Seven times explaining to your spouse / partner that it
has happened … again. Seven times talking to your
Bank Manager about deferring mortgage or other payments
while you secure new employment …
So
fair reader, irrespective of your profession, education
and brilliance at your chosen job; acknowledge and respect
the fact that you need to get good at this thing we call
Career Management. If you are reasonably proficient, you
will succeed at one out of every four interviews. Rounding
up, that means if you face the worst-case scenario of seven
enforced changes, you’re going to have to get to,
and sit through, around 30 interviews in your career. Get
good at this!
Career
Management is not an innate talent – you have to learn
how. Nor is it a frivolous luxury – it has become
a necessity.

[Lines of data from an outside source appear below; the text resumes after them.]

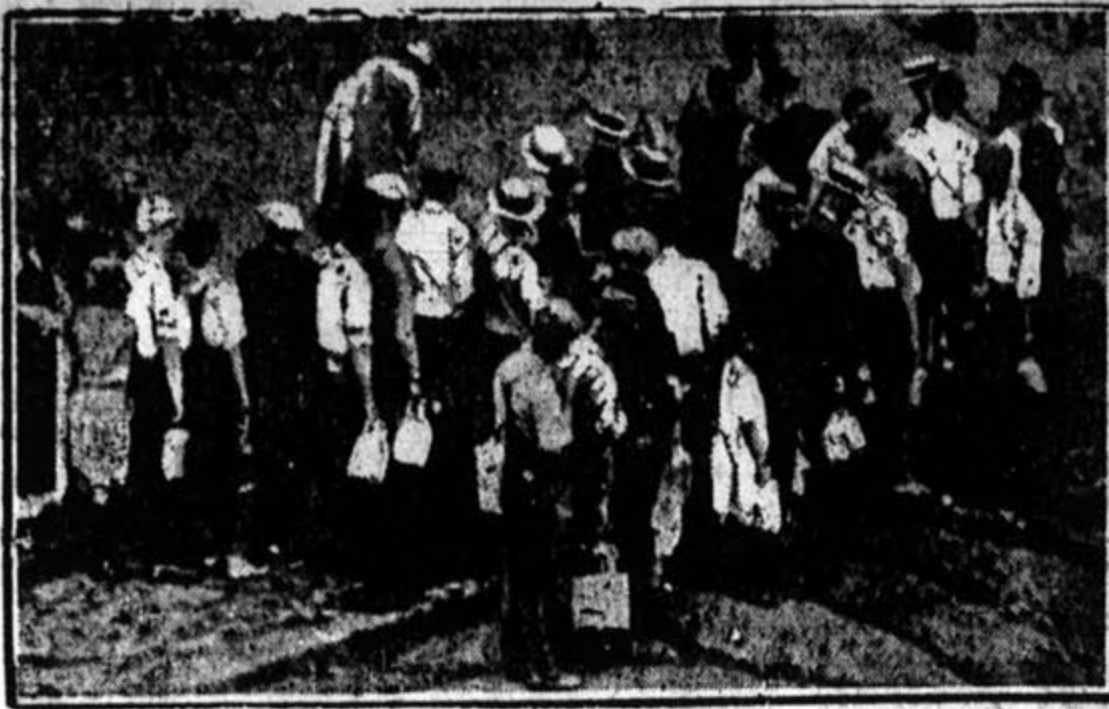
Omaha, Neb., is slowly recovering from a paralyzed water system, which was caused when a mud bank on the Missouri River was washed away near the intake of the water system. Photo shows a crowd at Elmwood Park purchasing spring water.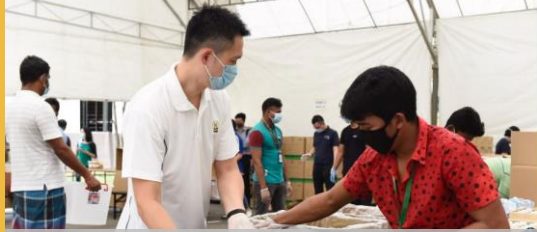
FORWARD ASSURANCE & SUPPORT TEAMS (FAST) AT MIGRANT WORKER DORMITORIES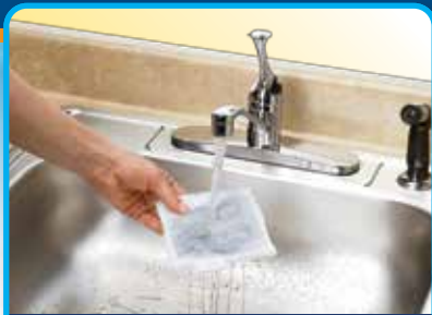
Rinse filter cartridge before use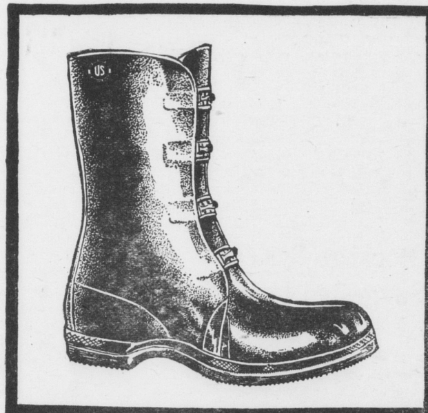
Warm—watertight—cleaned in a minute: that's the "U.S." Walrus. It's just one model in the big U. S. line of rubber footwear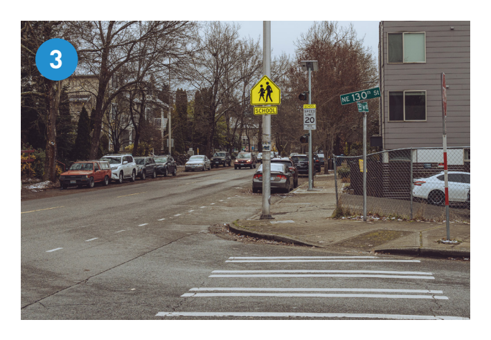
School zone flashing beacons on 35th Ave NE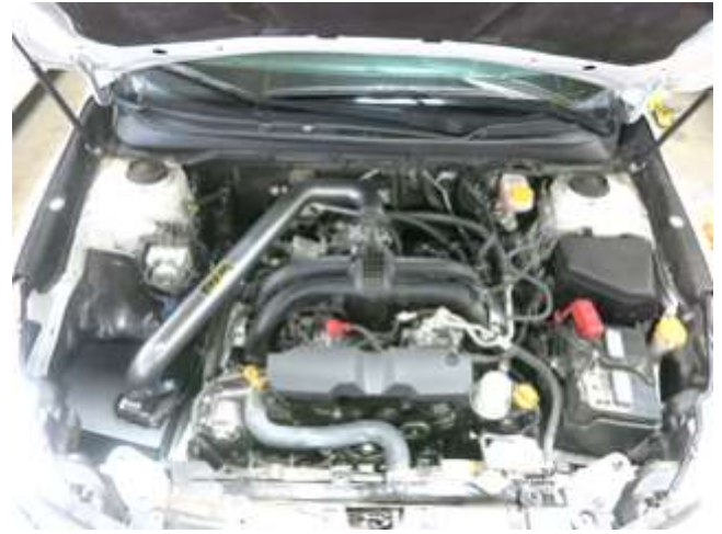
AEM INTAKE INSTALLED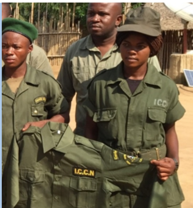
DEMOCRATIC REPUBLIC OF THE CONGO – 2014: Eco-guards receive equipment in Maringa-Lopori-Wamba Landscape.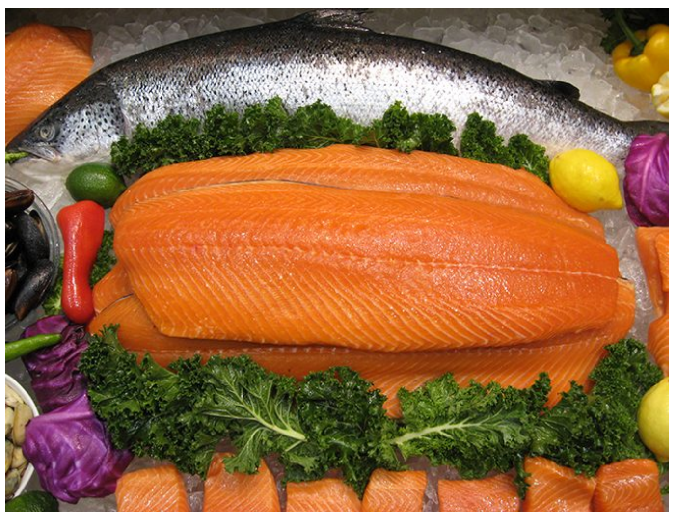
Farmed salmon is an important seafood product and popular with many consumers around the world.

It is natural to ask to what extent this represents inherent differences between the taste buds of Americans and the other countries, or to what extent there are opportunities for manipulating the flavor of salmon products in processing and cooking stages to improve taste perceptions. One of the co-authors has anecdotal evidence from the United States that overcooking of salmon tends to affect the flavor of salmon in a significantly negative direction.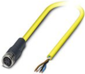
Sensor/actuator cable, 4-position, PVC, yellow, free cable end, on Socket straight M8, cable length: 5 m

Please be informed that the data shown in this PDF Document is generated from our Online Catalog. Please find the complete data in the user's documentation. Our General Terms of Use for Downloads are valid ( http://phoenixcontact.com/download )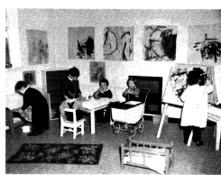
Section of the new kindergarten - 'Turana'

Description: This is a copy of an image published in the annual report for the Victorian Children's Welfare Department for 1956.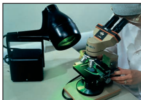
B-100YP produces high contrast light for fine surface particle detection

Dimensions: B-100YP: Lamp Head 9.75D x 6Dia in. (248 x 152mm) Weight: 12.48 lb. (5.67 kg)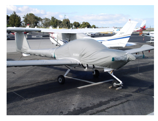
Diamond DA-20-C1 Insulated Engine Cover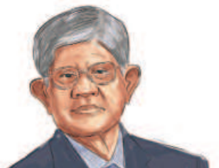
Dr Salehuddin Ahmed

Nor is it a one-off investment of time, effort
and money. You brush your teeth every day so they don’t
look, feel and smell unattractive and so that they don’t
fall out of your head. Do you think that you career could
benefit from a more-than-occasional polish and flossing?
BOGEYMEN
The Bogeyman is the person who is better prepared than you
to compete for the job that you so desperately want (or
need). The Bogeyman is the person who has wanted this job
(not just any old job, but this job) for the past five years.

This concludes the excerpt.